Now, that isn’t to say that synthetic controls don’t have any issues. They absolutely do, and they require more assumptions and can lead to bad statistics and bad causality estimates (especially via data “mining” to choose a set of controls that gives the answer you want), but under well-run conditions they are a very powerful tool in the causal inference toolbox for working with small sample sizes.
Myth #4: Observational methods with synthetic controls are equivalent to experiments
In non-experimental contexts, the use of synthetic control methods can be much more dubious. In the example above, the researchers were still running a trial where there was exogenous intervention (the treatment) on some random subset of patients from a given population. This makes it an experiment and allows us to do pretty clean causal inference with (relatively) few assumptions.
However, and this is what often confuses a lot of people, synthetic controls can often be used in non-experimental contexts where many more assumptions need to be made to make claims of causality (i.e., incrementality) and therefore where there are many more ways for things to go wrong.

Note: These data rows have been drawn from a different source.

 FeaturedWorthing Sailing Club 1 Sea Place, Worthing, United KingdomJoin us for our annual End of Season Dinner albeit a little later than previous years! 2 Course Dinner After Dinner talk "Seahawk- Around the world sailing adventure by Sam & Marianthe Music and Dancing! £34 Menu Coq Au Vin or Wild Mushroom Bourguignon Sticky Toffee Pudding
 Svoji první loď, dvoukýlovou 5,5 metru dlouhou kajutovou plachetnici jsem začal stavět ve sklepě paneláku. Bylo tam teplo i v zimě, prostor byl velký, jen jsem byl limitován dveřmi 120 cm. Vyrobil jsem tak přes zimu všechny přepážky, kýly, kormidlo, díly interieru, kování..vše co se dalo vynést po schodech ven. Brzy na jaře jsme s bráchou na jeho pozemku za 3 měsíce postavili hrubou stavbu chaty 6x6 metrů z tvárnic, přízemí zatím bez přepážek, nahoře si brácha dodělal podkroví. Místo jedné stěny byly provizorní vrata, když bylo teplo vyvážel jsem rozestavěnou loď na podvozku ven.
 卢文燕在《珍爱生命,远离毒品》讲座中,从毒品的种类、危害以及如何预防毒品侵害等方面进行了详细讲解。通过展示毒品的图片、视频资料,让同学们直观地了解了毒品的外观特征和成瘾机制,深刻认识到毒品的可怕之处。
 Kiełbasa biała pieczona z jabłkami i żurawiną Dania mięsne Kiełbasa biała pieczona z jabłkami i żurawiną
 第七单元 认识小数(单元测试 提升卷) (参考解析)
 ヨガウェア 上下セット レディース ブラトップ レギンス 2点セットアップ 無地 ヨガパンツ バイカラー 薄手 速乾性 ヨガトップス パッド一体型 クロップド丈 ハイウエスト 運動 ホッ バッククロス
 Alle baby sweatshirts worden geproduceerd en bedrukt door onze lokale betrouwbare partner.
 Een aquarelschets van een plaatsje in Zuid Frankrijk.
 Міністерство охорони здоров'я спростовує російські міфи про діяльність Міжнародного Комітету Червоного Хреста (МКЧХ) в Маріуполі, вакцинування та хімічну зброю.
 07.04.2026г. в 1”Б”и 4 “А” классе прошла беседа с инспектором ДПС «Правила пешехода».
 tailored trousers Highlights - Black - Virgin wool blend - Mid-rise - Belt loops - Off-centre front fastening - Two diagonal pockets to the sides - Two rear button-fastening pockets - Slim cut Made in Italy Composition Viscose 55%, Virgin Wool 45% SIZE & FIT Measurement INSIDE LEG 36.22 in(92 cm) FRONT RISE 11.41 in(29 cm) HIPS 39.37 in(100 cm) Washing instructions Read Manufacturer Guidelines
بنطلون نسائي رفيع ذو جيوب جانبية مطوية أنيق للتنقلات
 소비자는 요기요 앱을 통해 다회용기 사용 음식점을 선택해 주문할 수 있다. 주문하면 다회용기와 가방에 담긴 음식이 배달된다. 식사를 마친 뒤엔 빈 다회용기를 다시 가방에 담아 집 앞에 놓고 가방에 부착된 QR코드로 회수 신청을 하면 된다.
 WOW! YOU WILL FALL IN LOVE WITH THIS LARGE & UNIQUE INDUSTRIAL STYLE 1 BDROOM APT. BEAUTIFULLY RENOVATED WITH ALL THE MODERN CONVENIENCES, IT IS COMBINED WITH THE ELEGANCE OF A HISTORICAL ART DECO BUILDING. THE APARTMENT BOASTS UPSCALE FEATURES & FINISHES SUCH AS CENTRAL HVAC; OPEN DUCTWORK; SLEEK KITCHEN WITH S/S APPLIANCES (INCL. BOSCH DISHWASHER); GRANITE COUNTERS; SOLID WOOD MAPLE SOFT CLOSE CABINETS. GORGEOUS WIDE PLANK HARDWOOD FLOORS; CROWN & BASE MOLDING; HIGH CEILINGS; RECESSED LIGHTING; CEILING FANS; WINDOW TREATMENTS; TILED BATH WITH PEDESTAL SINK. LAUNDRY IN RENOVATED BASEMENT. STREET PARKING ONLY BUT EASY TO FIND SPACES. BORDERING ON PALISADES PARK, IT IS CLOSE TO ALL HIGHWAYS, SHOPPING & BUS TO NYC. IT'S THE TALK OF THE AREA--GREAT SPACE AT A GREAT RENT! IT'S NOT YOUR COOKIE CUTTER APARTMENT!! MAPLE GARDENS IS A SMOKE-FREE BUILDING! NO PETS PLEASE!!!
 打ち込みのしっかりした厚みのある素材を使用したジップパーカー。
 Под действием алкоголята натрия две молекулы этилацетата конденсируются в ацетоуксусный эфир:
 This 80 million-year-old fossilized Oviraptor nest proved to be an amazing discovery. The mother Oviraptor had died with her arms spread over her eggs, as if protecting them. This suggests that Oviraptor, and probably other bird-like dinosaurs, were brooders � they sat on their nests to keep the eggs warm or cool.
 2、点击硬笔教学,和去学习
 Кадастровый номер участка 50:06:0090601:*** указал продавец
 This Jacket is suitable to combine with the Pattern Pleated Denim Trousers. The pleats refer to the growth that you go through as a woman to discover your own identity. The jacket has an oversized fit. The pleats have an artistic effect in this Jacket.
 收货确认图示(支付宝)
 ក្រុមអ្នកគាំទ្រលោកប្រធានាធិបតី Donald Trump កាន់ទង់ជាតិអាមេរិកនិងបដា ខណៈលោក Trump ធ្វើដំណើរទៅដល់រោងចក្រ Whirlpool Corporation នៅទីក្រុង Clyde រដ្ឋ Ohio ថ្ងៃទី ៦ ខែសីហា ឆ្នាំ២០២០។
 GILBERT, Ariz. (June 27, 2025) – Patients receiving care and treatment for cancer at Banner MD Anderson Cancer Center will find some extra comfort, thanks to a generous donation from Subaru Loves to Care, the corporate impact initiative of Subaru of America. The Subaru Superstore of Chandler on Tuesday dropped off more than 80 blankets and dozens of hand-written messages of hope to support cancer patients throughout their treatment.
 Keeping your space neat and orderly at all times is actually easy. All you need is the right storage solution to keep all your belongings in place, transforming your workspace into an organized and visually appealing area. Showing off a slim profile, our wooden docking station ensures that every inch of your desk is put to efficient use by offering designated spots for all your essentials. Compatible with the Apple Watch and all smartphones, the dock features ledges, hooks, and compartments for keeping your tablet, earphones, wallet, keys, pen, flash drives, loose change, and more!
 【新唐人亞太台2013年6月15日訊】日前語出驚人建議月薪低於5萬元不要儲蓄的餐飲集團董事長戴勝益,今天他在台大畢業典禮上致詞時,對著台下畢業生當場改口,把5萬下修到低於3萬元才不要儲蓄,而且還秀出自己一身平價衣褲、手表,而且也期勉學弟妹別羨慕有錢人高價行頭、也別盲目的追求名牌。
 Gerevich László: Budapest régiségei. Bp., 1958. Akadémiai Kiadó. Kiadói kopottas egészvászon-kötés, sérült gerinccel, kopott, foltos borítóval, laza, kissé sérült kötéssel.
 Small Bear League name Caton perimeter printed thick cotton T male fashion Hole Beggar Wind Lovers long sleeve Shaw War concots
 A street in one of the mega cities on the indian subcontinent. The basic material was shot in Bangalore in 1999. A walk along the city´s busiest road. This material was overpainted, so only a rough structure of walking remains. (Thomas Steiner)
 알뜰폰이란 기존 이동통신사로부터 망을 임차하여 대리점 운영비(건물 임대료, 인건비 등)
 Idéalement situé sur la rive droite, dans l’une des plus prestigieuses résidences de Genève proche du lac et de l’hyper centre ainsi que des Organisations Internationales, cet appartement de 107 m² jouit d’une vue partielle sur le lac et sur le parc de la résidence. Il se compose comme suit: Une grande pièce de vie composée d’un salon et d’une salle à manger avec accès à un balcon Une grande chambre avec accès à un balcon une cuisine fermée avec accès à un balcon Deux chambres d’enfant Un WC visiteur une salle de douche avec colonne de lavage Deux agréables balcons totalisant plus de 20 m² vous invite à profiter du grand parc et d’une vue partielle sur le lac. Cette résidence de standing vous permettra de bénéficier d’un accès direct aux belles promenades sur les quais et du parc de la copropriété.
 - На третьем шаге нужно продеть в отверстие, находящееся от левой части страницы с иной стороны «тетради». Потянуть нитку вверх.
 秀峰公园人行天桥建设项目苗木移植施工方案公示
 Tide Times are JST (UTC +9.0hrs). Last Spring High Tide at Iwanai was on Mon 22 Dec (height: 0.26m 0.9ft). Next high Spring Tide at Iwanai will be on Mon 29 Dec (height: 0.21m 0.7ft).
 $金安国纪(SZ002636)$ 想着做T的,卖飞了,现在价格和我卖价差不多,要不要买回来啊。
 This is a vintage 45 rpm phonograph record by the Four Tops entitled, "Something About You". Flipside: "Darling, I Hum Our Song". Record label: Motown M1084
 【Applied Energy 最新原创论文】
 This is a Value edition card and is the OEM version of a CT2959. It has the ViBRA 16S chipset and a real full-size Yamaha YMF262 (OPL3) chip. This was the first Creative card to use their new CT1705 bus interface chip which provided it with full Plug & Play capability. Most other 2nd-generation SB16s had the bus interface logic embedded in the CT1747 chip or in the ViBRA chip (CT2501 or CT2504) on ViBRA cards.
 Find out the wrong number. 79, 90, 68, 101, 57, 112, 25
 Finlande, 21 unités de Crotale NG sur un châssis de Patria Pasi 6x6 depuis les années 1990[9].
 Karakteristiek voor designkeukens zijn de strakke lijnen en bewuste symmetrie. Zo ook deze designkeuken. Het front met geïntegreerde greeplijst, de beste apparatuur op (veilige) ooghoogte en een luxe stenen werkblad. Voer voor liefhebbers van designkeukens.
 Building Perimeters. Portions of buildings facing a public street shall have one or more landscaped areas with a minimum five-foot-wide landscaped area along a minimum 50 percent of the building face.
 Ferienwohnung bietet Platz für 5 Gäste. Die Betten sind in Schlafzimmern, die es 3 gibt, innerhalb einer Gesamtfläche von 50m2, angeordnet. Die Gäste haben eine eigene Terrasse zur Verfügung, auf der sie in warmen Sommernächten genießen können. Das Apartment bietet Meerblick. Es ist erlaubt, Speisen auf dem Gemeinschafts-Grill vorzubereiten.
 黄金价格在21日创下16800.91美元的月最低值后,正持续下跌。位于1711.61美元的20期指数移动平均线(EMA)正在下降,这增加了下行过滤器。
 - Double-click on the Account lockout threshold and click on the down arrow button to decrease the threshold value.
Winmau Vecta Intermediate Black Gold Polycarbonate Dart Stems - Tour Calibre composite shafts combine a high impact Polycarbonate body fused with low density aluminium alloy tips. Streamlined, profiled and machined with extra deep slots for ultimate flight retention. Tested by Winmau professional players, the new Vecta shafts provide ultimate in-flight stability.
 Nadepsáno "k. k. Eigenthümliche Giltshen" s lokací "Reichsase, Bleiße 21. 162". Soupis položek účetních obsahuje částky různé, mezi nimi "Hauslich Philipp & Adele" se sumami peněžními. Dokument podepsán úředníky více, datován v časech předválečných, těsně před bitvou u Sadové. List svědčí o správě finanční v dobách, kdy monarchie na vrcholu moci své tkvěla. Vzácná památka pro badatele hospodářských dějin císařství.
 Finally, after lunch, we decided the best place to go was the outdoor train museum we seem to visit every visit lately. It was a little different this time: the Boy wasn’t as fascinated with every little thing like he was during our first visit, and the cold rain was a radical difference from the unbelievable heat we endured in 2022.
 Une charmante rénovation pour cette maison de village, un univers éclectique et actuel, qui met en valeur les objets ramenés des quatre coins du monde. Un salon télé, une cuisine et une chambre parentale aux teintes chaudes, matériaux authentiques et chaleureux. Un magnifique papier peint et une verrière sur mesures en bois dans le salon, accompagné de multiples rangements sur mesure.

The idea once again is pretty straightforward: we might look at our population and think:
Well some households we can see listen to Joe Rogan and hear our podcast ads, what if instead of actually running an experiment or a controlled-trial (painful! hard! slow!) we just look at our population of Joe Rogan-listening households and create a synthetic control that matches them to estimate our treatment effect? That way we can estimate incrementality without having to run an experiment!
This honestly sounds very reasonable, and while it sounds like it should be almost as good as the method I described about using synthetic controls in the context of a trial, it is definitely not as good and can be extremely misleading.
There are a few ways that this can go wrong, but the most important problem is the problem of selection effects. The problem of selection effects refers to the idea that there might be unseen forces that are impacting both the selection into the treatment (in this case listening to Joe Rogan) as well as the outcome of interest (buying some protein powder online, I guess).
The magic of a randomized controlled trial is that the act of randomization gets rid of selection effects — since we are exogenously varying the treatment in some random fashion, we know that there aren’t selection effects impacting both the likelihood of treatment and the outcome of interest.
In the Joe Rogan example, we don’t know that, and that causes us some real problems. Sure, you might have developed a “synthetic control” of households that match Joe Rogan-listening households according to the data that you have access to, but how do we know they actually match along the dimensions that matter? How do we know that the Joe Rogan households weren’t already more likely to purchase whatever the product is simply because of their natural affinities or their other media consumption habits? The problem is that we don’t.
Because of the problem of selection effects, non-experimental estimates of incrementality using synthetic controls deserve much more scrutiny and skepticism when interpreting and acting on the results. Non-experimental uses of synthetic controls in many situations end up yielding very similar estimates to a regression or other type of complex statistical model (e.g., an MMM) and therefore need a strict process of external validation before the results can be trusted and used.
Once again, that’s not to say that these methods can’t be valuable, but it is important to make sure that we are interpreting these different types of analyses correctly and not confusing one for the other!